§ INPUT DATA
--- START ---

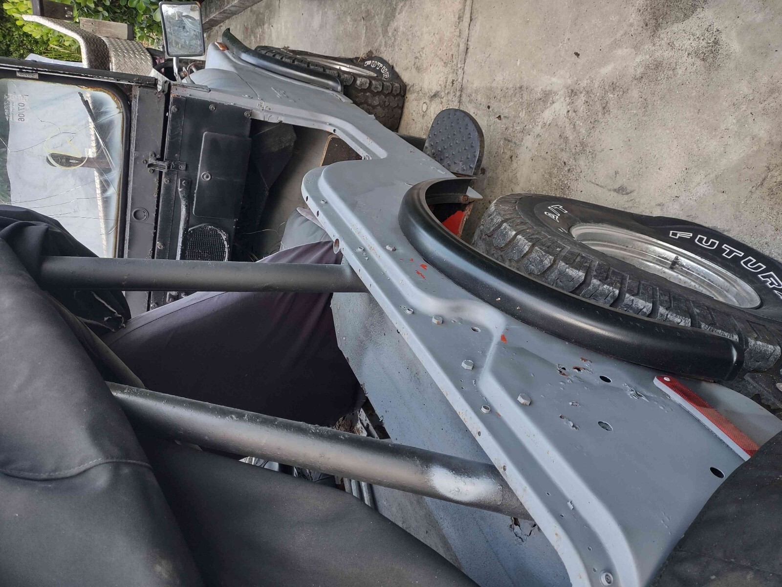 There are no chairs in both jeeps No upholstery. Tires are ok. Nice wheels.
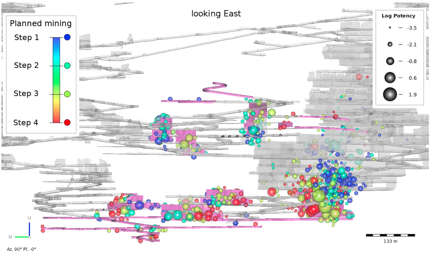This method is most useful when comparing the seismic or ground motion hazard for different mining scenarios (e.g. ranking different stoping sequences).
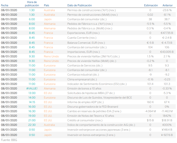 Respecto a los datos macroeconómicos destacaron el repunte del 1% (vs +0.7% esperado por el consenso de analistas) en las ventas minoristas de la eurozona así como el IPC diciembre que se alineaba con lo esperado en el conjunto de la eurozona. En EE.UU. destacó el ISM no manufacturero que alcanzó finalmente los 55 puntos.

--- END ---

§ PROMPT
Without the pictures, write out the listing exactly as it appears above.

§ EXPECTED ANSWER
 There are no chairs in both jeeps No upholstery. Tires are ok. Nice wheels.
This method is most useful when comparing the seismic or ground motion hazard for different mining scenarios (e.g. ranking different stoping sequences).
 Respecto a los datos macroeconómicos destacaron el repunte del 1% (vs +0.7% esperado por el consenso de analistas) en las ventas minoristas de la eurozona así como el IPC diciembre que se alineaba con lo esperado en el conjunto de la eurozona. En EE.UU. destacó el ISM no manufacturero que alcanzó finalmente los 55 puntos.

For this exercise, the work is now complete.